Kasus Beras Oplosan, Penjualan Beras di Pasar Tradisional Malah Jadi Meningkat
Pasardana.id – Baru-baru ini penjualan beras di pasar tradisional lagi alami peningkatan.
Masyarakat tak lagi beli beras di gerai ritel modern, karena dampak dari kasus beras oplosan.
Terkait fenomena ini, Menteri Pertanian (Mentan) Andi Amran Sulaiman mengatakan, bahwa hal tersebut justru memberikan angin segar buat pedagang kecil, karena akan mendorong ekonomi kerakyatan.
“Penjualan di pasar tradisional meningkat karena beralih (dari ritel), karena bisa lihat langsung (berasnya). Nah ini fenomena menarik, sangat bagus,” ujar Amran usai konferensi pers di kantor Kementan, Jakarta Selatan, Kamis (07/8).
Karena itu, Ia mendorong agar penjualan beras di pasar tradisional ini tetap terus tinggi.
“(Itu) mendorong ekonomi kerakyatan, meningkatkan ekonomi-ekonomi pedagang-pedagang kecil,” ujar Amran.
Dirinya pun menghimbau kepada masyarakat agar tidak perlu khawatir dengan kualitas beras yang dijual di gerai ritel modern.

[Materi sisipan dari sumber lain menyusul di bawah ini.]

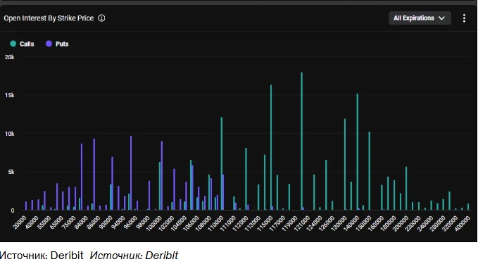 После того как биткоин впервые превысил отметку в 116 000 долларов, открытый интерес, то есть количество неисполненных контрактов на бирже Deribit, сосредоточился вокруг колл-опционов на биткоин с ценой исполнения 115 000 и 120 000 долларов. Опционы с более длительным сроком действия, которые истекают в конце сентября и декабре, демонстрируют повышенный интерес на уровне 140 000 и 150 000 долларов.

Menurut dia, permasalahan utama pada beras medium dan premium yang dijual di ritel terletak pada tingkat patahan (broken) yang dinilai tidak sebanding dengan harga jualnya.
“Kalau medium itu broken-nya 25%, kalau premium 15%, tetapi kita lihat kondisi pada saat kita cek itu broken-nya ada yang sampai 40%, ada 50%. Itu yang terjadi,” tukasnya.